It never did.

In debt the first 5000 years Geaeber makes the case that pure “free market” trade has never really existed in “the west”. The closest to this ideal that’s ever happened was during the Islamic golden age enabled by religious prescriptions against usury.

>The closest to this ideal that’s ever happened was during the Islamic golden age enabled by religious prescriptions against usury.

How does are bans against consensual financial exchanges close to the "ideal" of the free market? It just sounds like you have an axe to grind about the financial system rather than describing free markets.

Usury and debt based economy creates a dynamic where being competitive in production is secondary to financialistion.

In short, instead of market being driven by demand and productivity, it is driven by financier curving out monopolies.

Peak Examples are Uber and AirBnB.

What makes this view more correct than say, "economies with marketing creates a dynamic where being competitive in production is secondary to marketing" and concluding that nothings a free market until we ban all advertising? After all, you can make a vaguely plausible argument about how marketing isn't really about the merits of the product, and therefore allowing it is antithetical to the free market or whatever

> What makes this view more correct than say, "economies with marketing creates a dynamic where being competitive in production is secondary to marketing" and concluding that nothings a free market until we ban all advertising? After all, you can make a vaguely plausible argument about how marketing isn't really about the merits of the product, and therefore allowing it is antithetical to the free market or whatever

Wait, so your pitch in favor of a debt-fueled market economy is that advertising is awesome and that we wouldn't want to "lose" being smothered in ads all the time?

Cause... sign me up for the non-financialized, non-mass-media-advertising-driven economy please and thank you. I'd even be ok with just nuking billboards and mass-media forms of ads and still allowing more direct forms of marketing, if we must compromise! Likely we could find some compromises around just how much of the debt world we regulate too (this should be obvious?).

(I thought the disconnect between the efficiency of competition and the market as realized in modern economies was pretty well understood and taken for granted, but I guess we all find ways to justify the system we're profiting from... even if that means we have to claim we love the ad breaks)
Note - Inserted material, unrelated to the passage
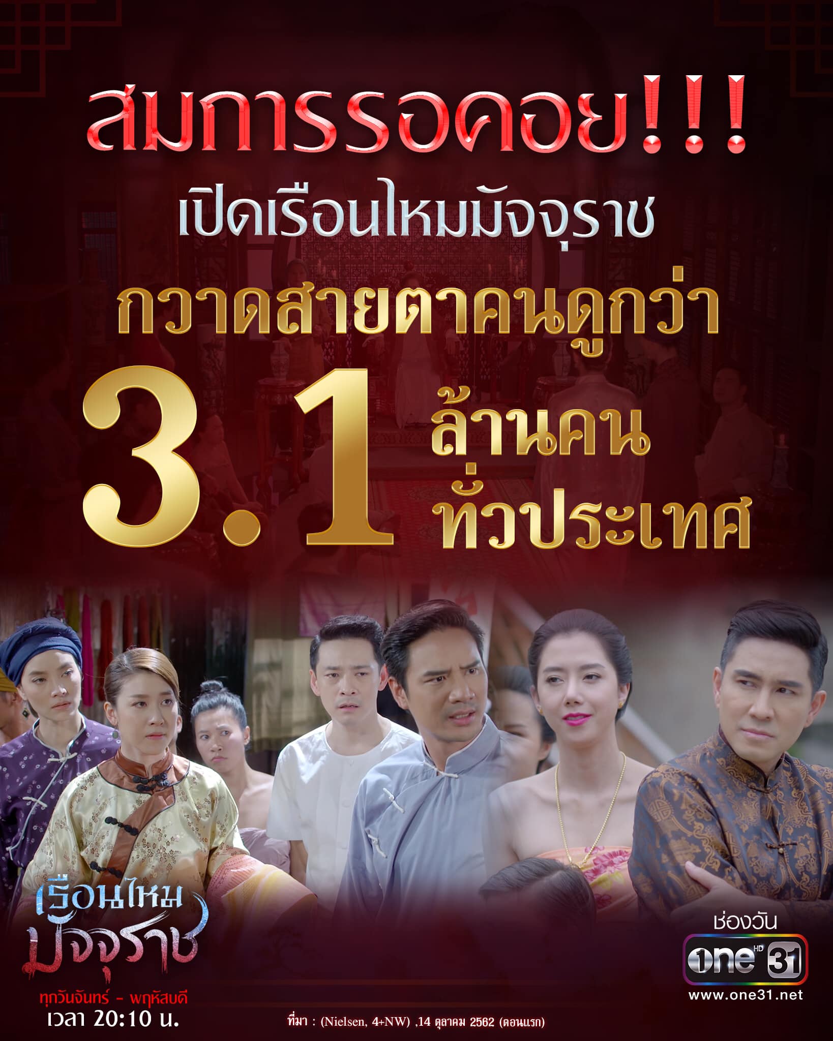 Sau đây là xếp hạng người xem phim truyền hình Thái Lan trên toàn quốc được đo bởi Nielsen Thái Lan vào ngày 14 tháng 10 năm 2019.
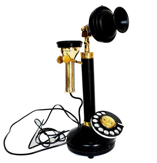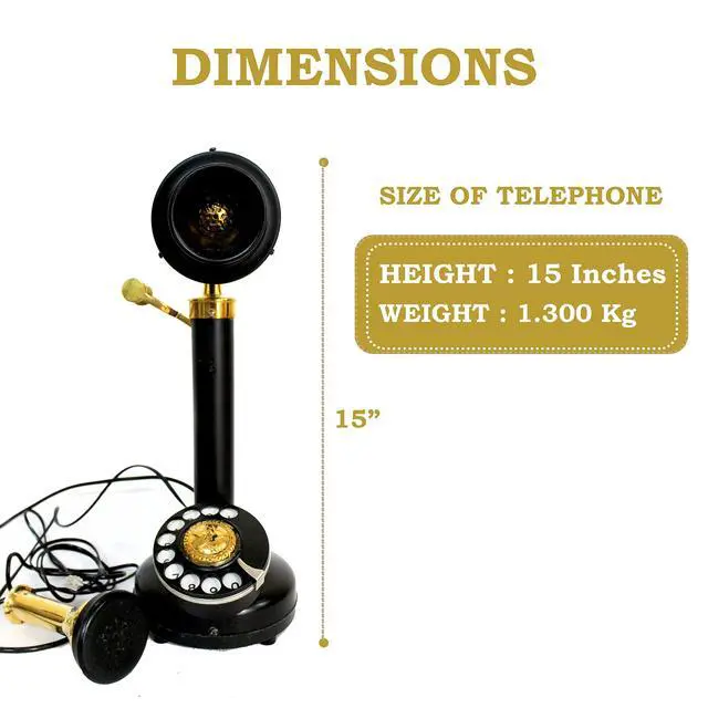 ^^ Functionality: functional but not accurate because it has been made with original parts like ringer dialer and wiring set - Sometimes does not work with modern phone connections. ^^ Connector - RJ11 ( Globally accepted standard landline phone jack ). We recommend you to buy this for home & office decor, collectible collection, vintage ^^ It typically consists of a brass stand resembling a candlestick, with a cradle on top to hold the handset. The phone's body, including the receiver and transmitter, is usually made of brass as well. ^^ Retaining the old fashion shape and use of the old dial way to meet the needs of the retro family or places. Suitable for families, offices, luxury homes, star hotels, galleries, jewellery firms, ^^ This high quality retro telephone is ideal for the home, office, hotel or other places. Not only the practical but also can as an ancient decoration

>Wait, so your pitch in favor of a debt-fueled market economy is that advertising is awesome and that we wouldn't want to "lose" being smothered in ads all the time?

The point is that if add random caveats to what counts as free market, it won't be "free market", only "market I like".

Marketing isn’t free for starters.

Second, marketing can take you only so far compared to the subsidies possible with financialisation.

The West is in a state of psychosis with Debt and Monopolies under the illusion of free market.

The Chinese markets are more free than West, you can just look at the Auto and AI industry.

I'm flabbergasted that you look at the Chinese property crisis and say "only the West does irresponsible loans." No, 60% of China's economy is state-run companies and the remaining 40% need political officers. China is just as capable of making shortsighted decisions as the US, and they have already made several devastating ones.

>I'm flabbergasted that you look at the Chinese property crisis and say "only the West does irresponsible loans." No, 60% of China's economy is state-run companies and the remaining 40% need political officers. China is just as capable of making shortsighted decisions as the US, and they have already made several devastating ones.

While these are hardly shy claims, I don't see anything in them to say "only the West does irresponsible loans"?

> The West is in a state of psychosis with Debt and Monopolies under the illusion of free market.

> The Chinese markets are more free than West, you can just look at the Auto and AI industry.

or the prior post

>Usury and debt based economy creates a dynamic where being competitive in production is secondary to financialistion.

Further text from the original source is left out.